Genome Research
- Discipline: Genetics, genomics
- Language: English
- Edited by: Hillary Sussman

Publication details
- Former names: PCR Methods and Applications
- History: 1991–present
- Publisher: Cold Spring Harbor Laboratory Press (United States)
- Frequency: Monthly
- Open access: Delayed (after 6 months)
- Impact factor: 5.4 (2024)

Standard abbreviations
- ISO 4: Genome Res.

Indexing
- CODEN: GEREFS
- ISSN: 1088-9051 (print) 1549-5469 (web)
- LCCN: sn95029259
- OCLC no.: 33123409

Links
- Journal homepage; Online access; Online archive;

= Genome Research =

Genomics academic journal

Genome Research is a peer-reviewed scientific journal published by Cold Spring Harbor Laboratory Press.
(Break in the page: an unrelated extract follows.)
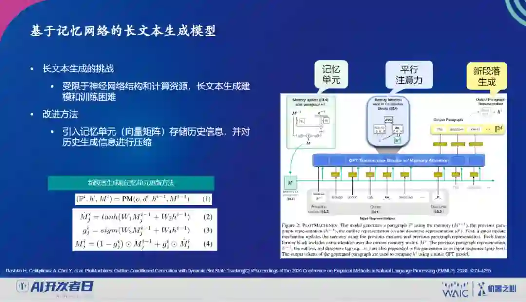 第二个是基于记忆网络的长文本生成模型。长文本在用预训练模型生成时越到后面越发散,同时,太长的文本难以放到 Transformer 中计算,所以就把已经生成好的部分用一个记忆网络存着。这里做了一个改进,引入记忆单元(向量矩阵)存储历史信息,并对历史生成信息进行压缩,将记忆网络的部分当成将要生成内容某种意义上的输入,然后输出的结果就变好了。
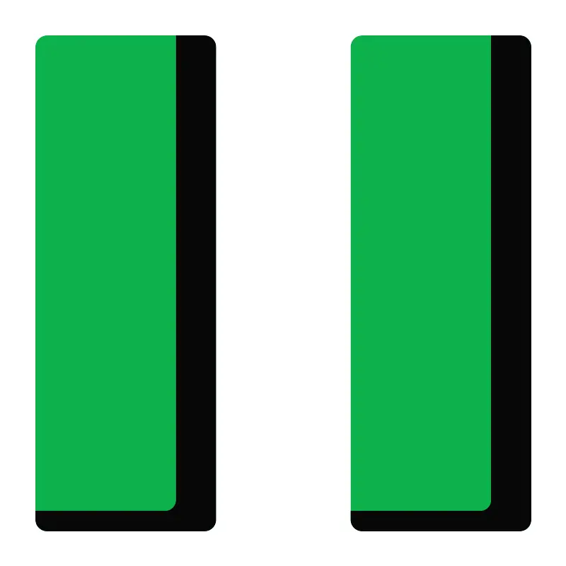 <svg width="800px" height="800px" viewBox="0 0 1024 1024" class="icon" version="1.1" xmlns="http://www.w3.org/2000/svg"><path d="M369.454 960.001H84.363c-11.216 0-20.363-9.087-20.363-20.364V84.364c0-11.257 9.147-20.363 20.363-20.363h285.091c11.299 0 20.365 9.106 20.365 20.363v855.273a20.312 20.312 0 0 1-20.365 20.364zM939.636 960.001H654.545c-11.216 0-20.363-9.087-20.363-20.364V84.364c0-11.257 9.147-20.363 20.363-20.363h285.091c11.298 0 20.364 9.106 20.364 20.363v855.273a20.312 20.312 0 0 1-20.364 20.364z" fill="#0DB14B" /><path d="M369.455 63.999h-51.317v839.799a20.309 20.309 0 0 1-20.363 20.362H64v15.478C64 950.917 73.147 960 84.363 960h285.092a20.309 20.309 0 0 0 20.363-20.362V84.364c0.001-11.257-9.065-20.365-20.363-20.365zM939.637 63.999H888.32v839.799a20.309 20.309 0 0 1-20.363 20.362H634.181v15.478c0 11.279 9.147 20.362 20.363 20.362h285.092a20.309 20.309 0 0 0 20.363-20.362V84.364c0.001-11.257-9.065-20.365-20.362-20.365z" fill="#070707" /></svg>

The journal scope covers genome biology, including genome structure, function and evolution, comparative genomics, molecular evolution, genome-scale quantitative and population genetics, proteomics, epigenomics, and systems biology, genomic medicine, and single-cell analysis. New data in these areas are published as research papers, or methods and resource reports that provide novel information on technologies or tools that will be of interest to a broad readership. The journal was established in 1991 as PCR Methods and Applications and obtained its current title in 1995. According to the Journal Citation Reports, the journal has a 2024 impact factor of 5.4.

The journal was established in 1991 as PCR Methods and Applications and was renamed Genome Research in 1995.